Netflix Inc hiked monthly prices for customers who use both its mail and online services, a move that could steer users toward its growing Internet streaming service.
The company said it was raising by 60 percent the monthly price of a plan that lets subscribers watch unlimited movies and video online and get DVDs by mail.
Customers in the United States who want both services will pay $7.99 per month to rent one DVD at a time plus $7.99 for unlimited streaming, or a total of $15.98 per month, the company said on Tuesday. The previous cost of this plan was $9.99 a month.
The changes take effect immediately for new subscribers, and in September for current customers.
Netflix, the top movie rental service with 23 million subscribers, recently has focused on its streaming service for televisions and mobile devices and downplayed its business of mailing DVDs in red envelopes.
The company separated the pricing for mail and streaming services "to better reflect the costs of each and to give our members a choice," Netflix Vice President of Marketing Jessie Becker wrote on a company blog post.
The company also said it saw continued demand for DVDs.
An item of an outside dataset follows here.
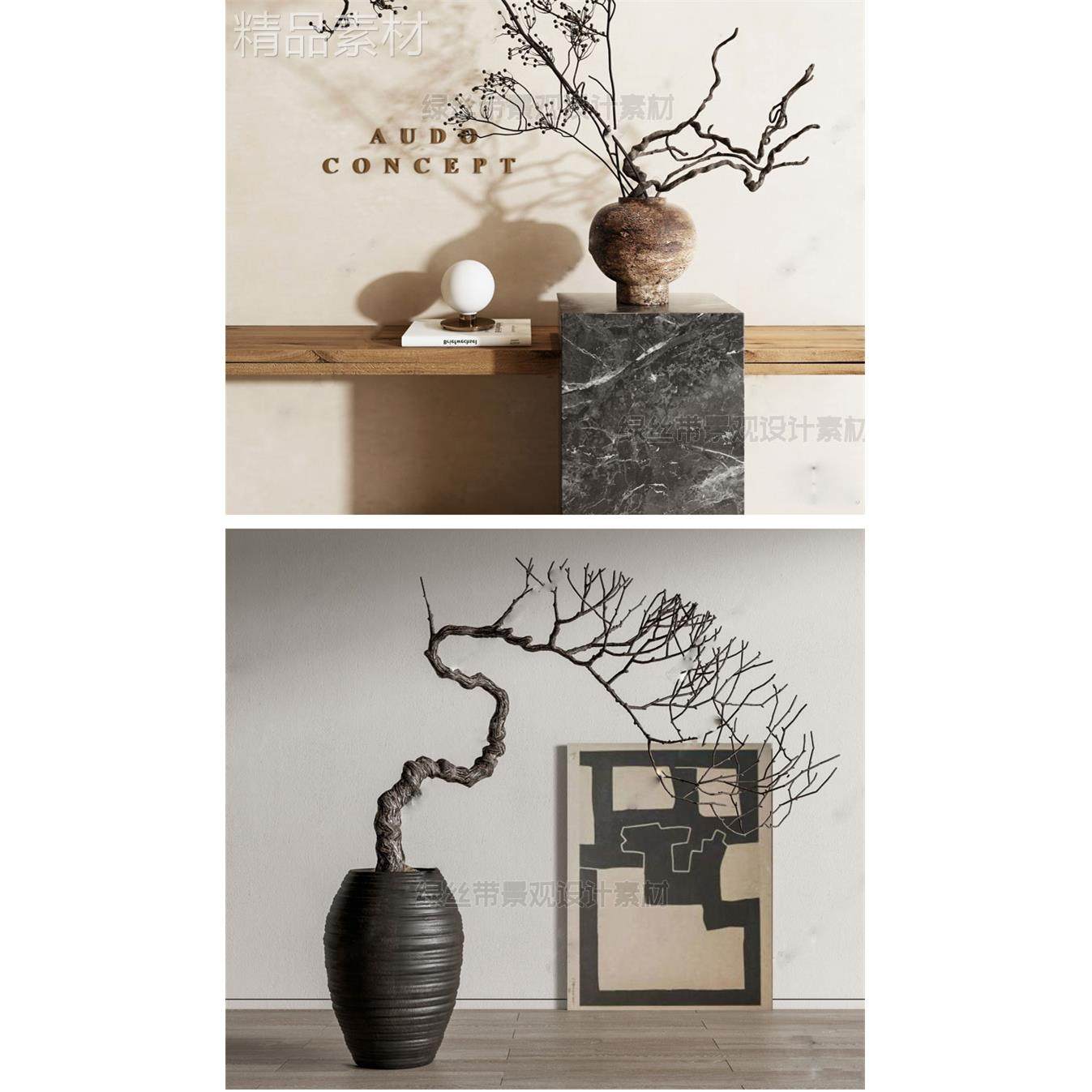 侘寂风陶罐摆件花瓶枯树枝干枝花艺室内小盆景绿植草图大师su模型价格行情

"Given the long life we think DVDs by mail will have, treating DVDs as a $2 add on to our unlimited streaming plan neither makes great financial sense nor satisfies people who just want DVDs," Becker wrote.
Merriman Capital analyst Eric Wold said he thought the company was aiming to "steer people away from DVDs" by raising the cost for the combined service.
The $6-per-month price hike could lead some customers to downsize to a streaming-only plan and perhaps visit a Coinstar Inc Redbox kiosk for an occasional DVD, said Wold, who has a "neutral" rating on Netflix shares.
Netflix said its $7.99 option for one DVD at a time was its lowest price ever for DVD-only service. The company also said it was creating a separate management team to focus solely on DVDs by mail.
Its Canadian service is streaming only, and the new Latin American service also will be streaming only.
Netflix shares gained 0.2 percent to close at $291.27 on Nasdaq.